Not yet. Drift today generates simulation workspaces, including URDFs, controllers, launch files, and Gazebo, MuJoCo, and Isaac Sim worlds. The generated ROS2 packages can be ported to real hardware manually, but a first-class sim-to-real deployment flow is on the roadmap, not in the current beta.
Yes. Drift accepts existing URDF and SDF files referenced in your prompt (for example, "use my robot.urdf and add a stereo camera") and extends them in place. Drift performs best when existing files follow standard ROS2 conventions; highly customized or non-standard structures may need manual adjustment.
Yes. Drift configures standard Gazebo Harmonic plugins automatically, including cameras, LiDAR, IMUs, depth sensors, and force/torque sensors. For third-party or custom .so plugins, mention them by name in your prompt and Drift will add the plugin block to the SDF; you may still need to verify build paths and plugin parameters manually.
No. Drift is ROS2-only. ROS1 support is not on the roadmap, since the ROS ecosystem itself is migrating off ROS1 (Noetic reached end of life in May 2025).

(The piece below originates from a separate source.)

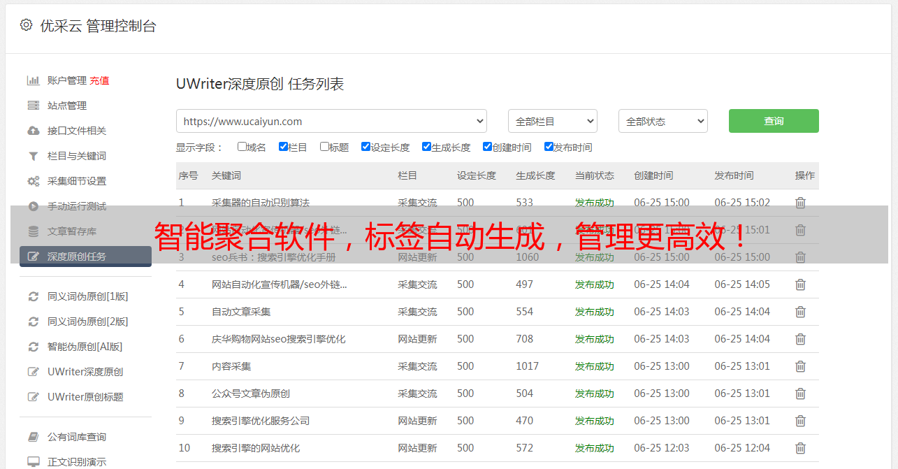 标签生成算法可以帮助我们更快速、更准确地管理标签,并提高聚合软件的效率。如果你想要创建自己的聚合软件,那么可以考虑使用优采云提供的标签生成服务和SEO优化服务,从而让你的软件获得更多流量和用户。

Drift runs locally on your machine. Your workspace, URDF and SDF files, mesh assets, and ROS code never leave your environment. Only the text of your prompts and the diffs Drift proposes are sent to our API. This makes Drift safe to use on internal robot designs and IP-sensitive workspaces. An air-gapped or offline mode is not available in the current beta.
Drift runs on Ubuntu. macOS and Windows are not officially supported today; engineers on those platforms typically run Drift inside an Ubuntu VM, a container, or a remote dev box.